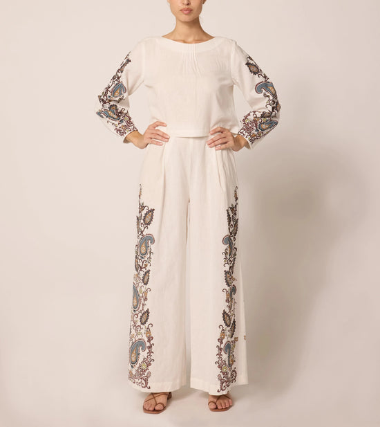 In a cotton linen blend, the Martin Pant is a wide leg trouser with a relaxed fit and side seam zipper for easy wear. The placed print along each leg creates a flattering silhouette. Pair it with the Georgia Blouse.
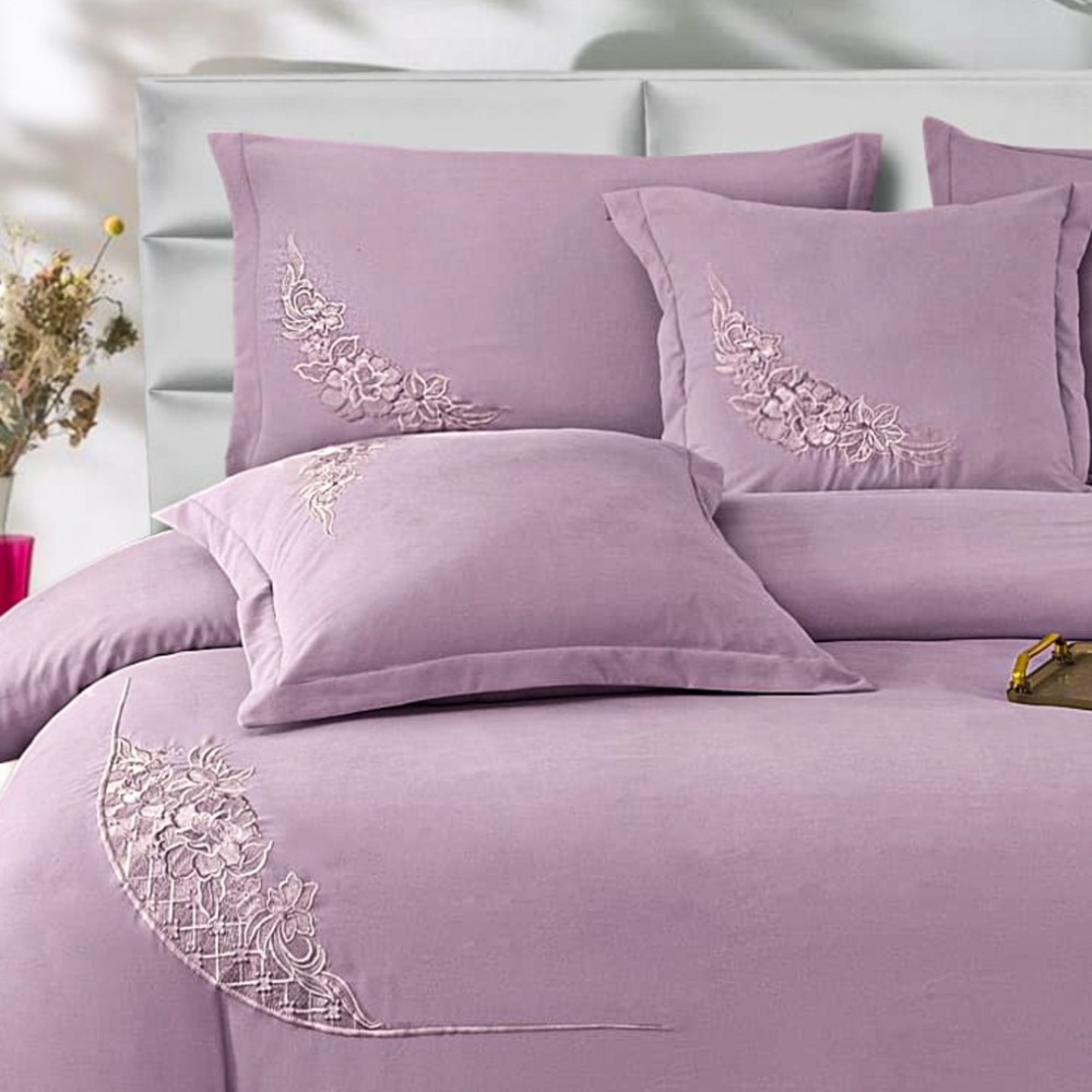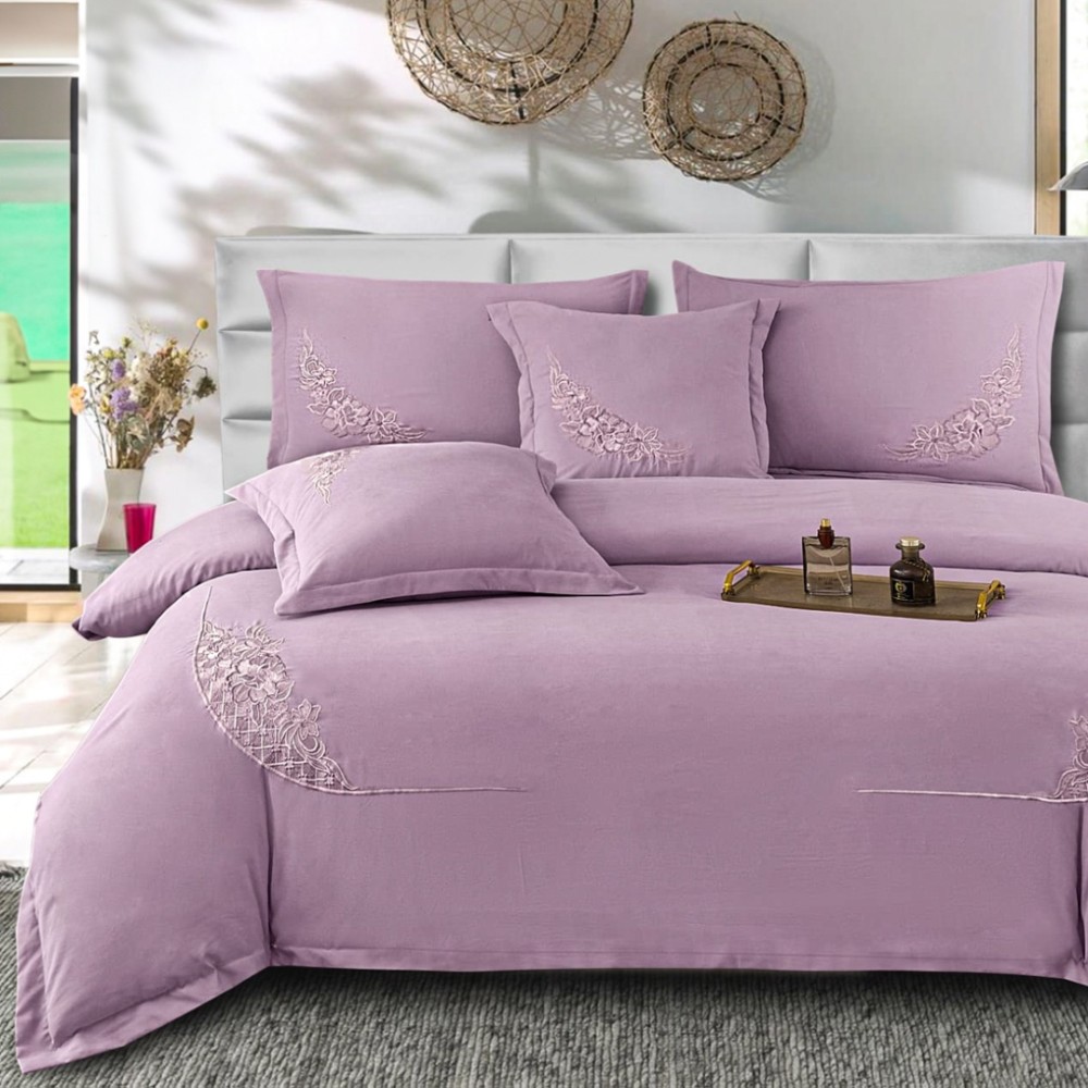 Lenjerie Pat Dublu, Bumbac Neted Fin, Broderie Rafinata, CEARSAF CU ELASTIC, 6 piese, Lila, Casa Minunata, cod produs: INS-BFB04
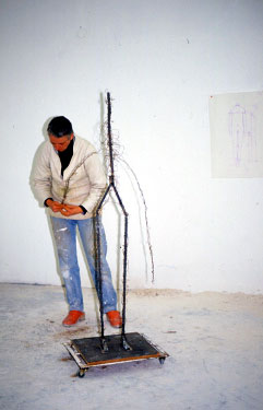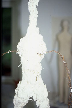 Haring starts making her figure with an iron structure characterized by her as a rudiment of the figure (fig. 13). The iron structure depicts the bare essentials of the human form. She uses this figurative fragment as her starting point and gradually forms the volume of the figure, applying small portions of plaster onto the iron frame (fig. 14). Listening to her one gains the impression that the artist perceives the object as a feeling being and its growing is physically interlinked with her. For the understanding of her corporeal interlinking with this figurative fragment one has to bear in mind that structurally the iron frame is very similar to the human skeleton, which is the most fundamental structure of the human figure. Haring senses the first application of plaster as the most crucial and tense phase of the work as in this stage the skeletal frame appears to be most responsive to the gravity of the material (fig. 15). Thereby the frame seems to behave similarly to the human vertebrae and evokes bodily feelings, as it behaves like a spinal axis, interacting with the distribution of the muscles or here the plaster.1 This bodily association with the iron frame means that the artist sees a behavioural pattern in the frame which correlates to her own body and appears to be a vital aspect for her feeling of the figure growing and for her aesthetic judgement. In keeping with the bodily association of the iron frame one could interpret the liquid plaster, flowing down, with images of blood flow and when the plaster cures it appears to assume the texture of fleshy matter. Therefore one could read her method of adding plaster to the iron frame as filling it with ‘flesh’. This would explain her strong sensation of the iron frame as the inner core from which the material manifestation of the figure commences by filling a space with plaster. Considering that the skeleton is a fundamental structure for the body, Haring’s process appears to address metaphorically the beginning of the body. Additionally, a further aspect of fragmentation can be observed between the underlying presence of the figure suggested through the iron frame and its becoming, expressed in the progressive adding of plaster and the developing volume of the figure.
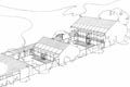 sieht eine zentrale Erschließung vor, von der aus sich die einzelnen Bauteile sternförmig auffächern. Das Zentrum bilden die Gemeinschaftseinrichtungen mit Speise- Veranstaltungssaal, Küche und Sanitärgruppe. Die Erschließung erfolgt über zentrale glasgedeckte Gänge (teilweise mit Balkonen überdacht), die Raum für Kommunikation und Begegnung bieten.
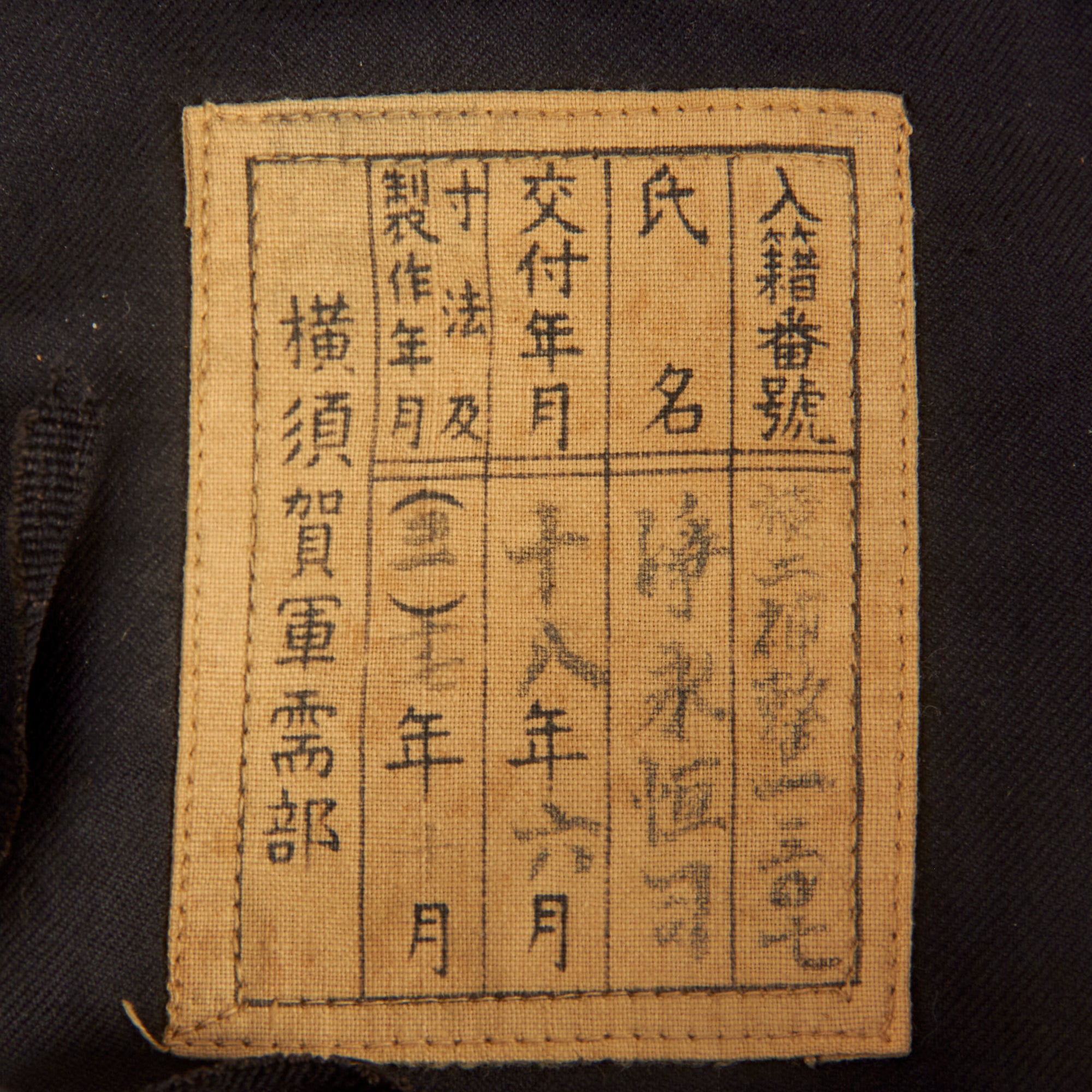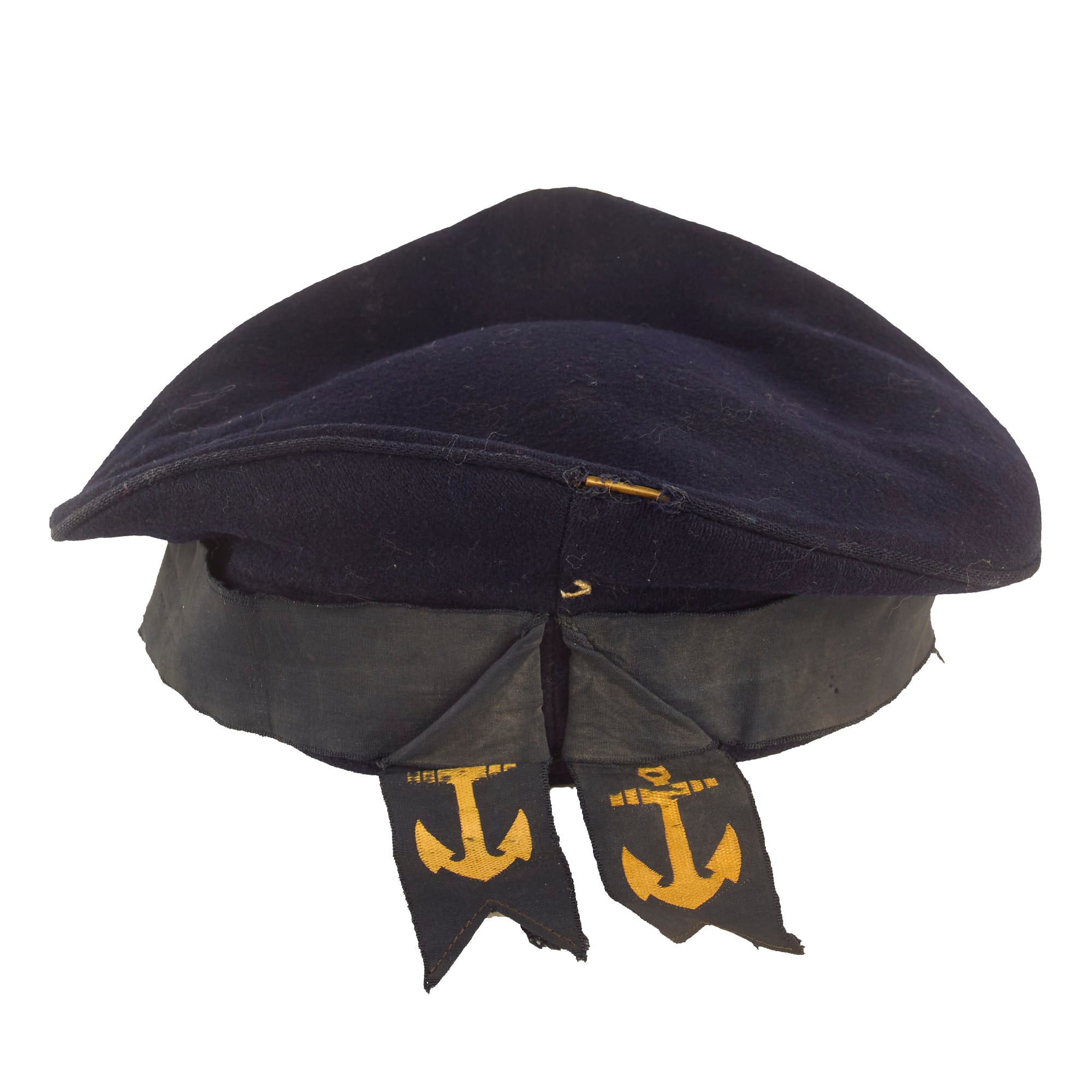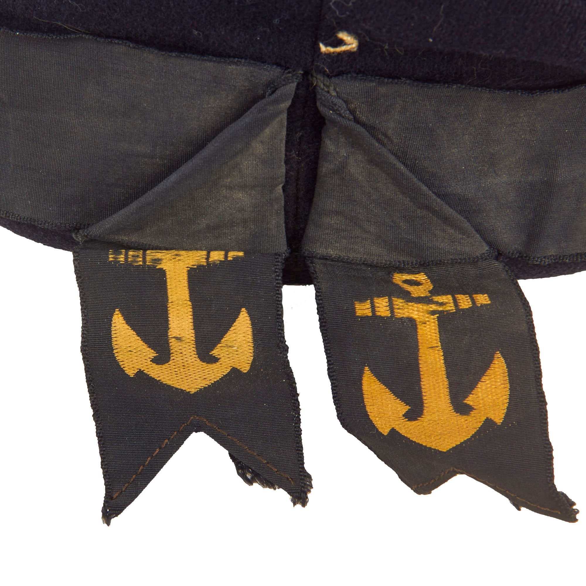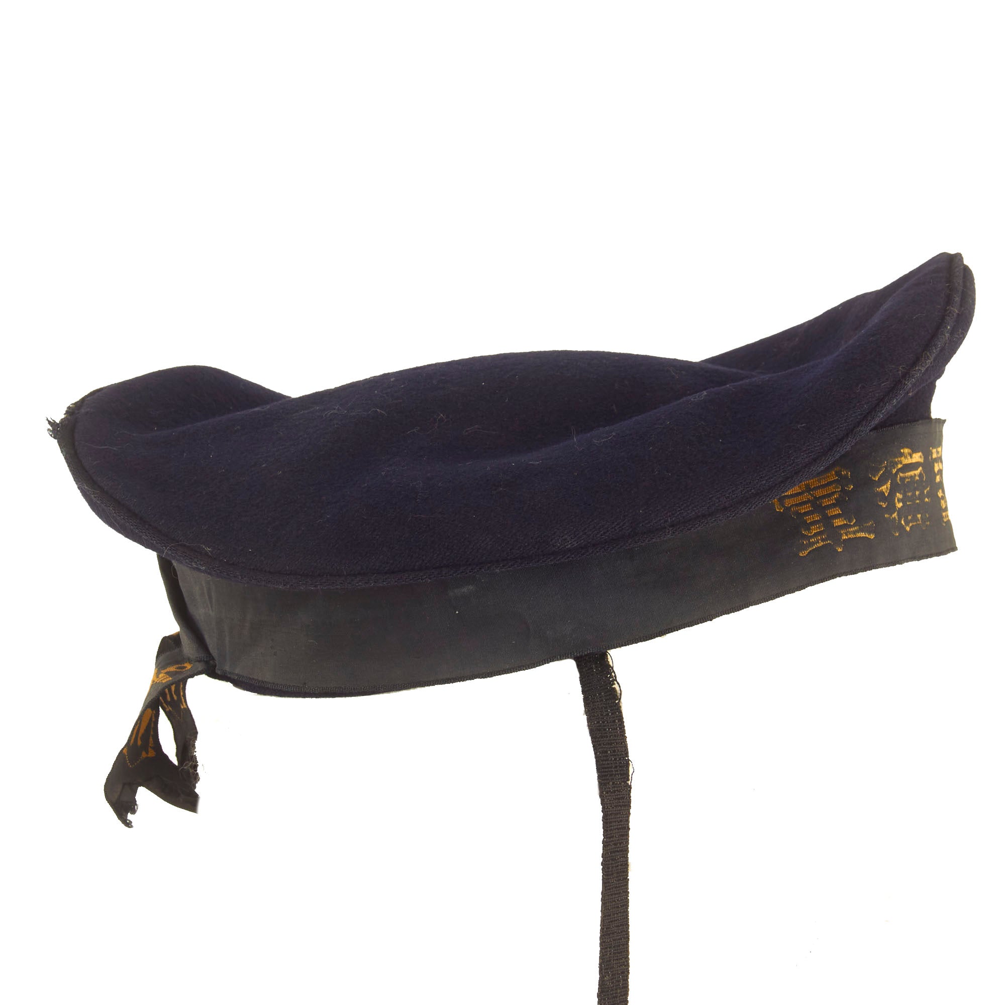 Original Item: Only One Available. Issue quality IJN enlisted hat in dark blue navy wool. Standard cap tally of embroidered golden characters on a black ribbon and two anchors. The talley present is the standard “GREAT JAPAN IMPERIAL NAVY”. The embroidery is still mostly legible but as you can see from, the photos there is thread loss.
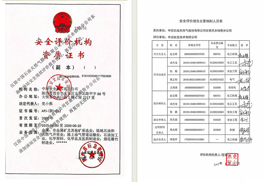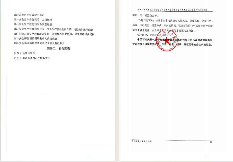 中国石油天然气股份有限公司甘肃庆阳销售分公司合水县城加油站安全现状评价报告
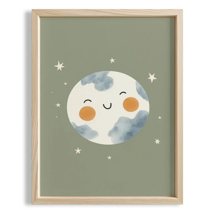 Cute Moon And Stars With Green Background Kids' Room Wooden Wall Art
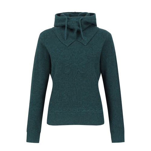 여성 엠보 심볼 캐시미어 믹스 방풍 후드 니트
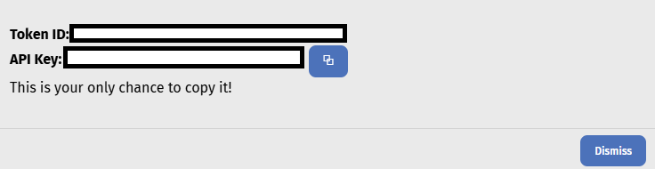 Copy the Token ID and API Key, these will not be available to view later. These API tokens will be used to authenticate your workspace with external and internal services within the platform.

■ Aim of the task ■
All lines from the one containing "Cute Moon And" to the last line of the records above, and no others, should be returned unchanged, without pictures.

■ Output for this exercise ■
 Cute Moon And Stars With Green Background Kids' Room Wooden Wall Art
 여성 엠보 심볼 캐시미어 믹스 방풍 후드 니트
 Copy the Token ID and API Key, these will not be available to view later. These API tokens will be used to authenticate your workspace with external and internal services within the platform.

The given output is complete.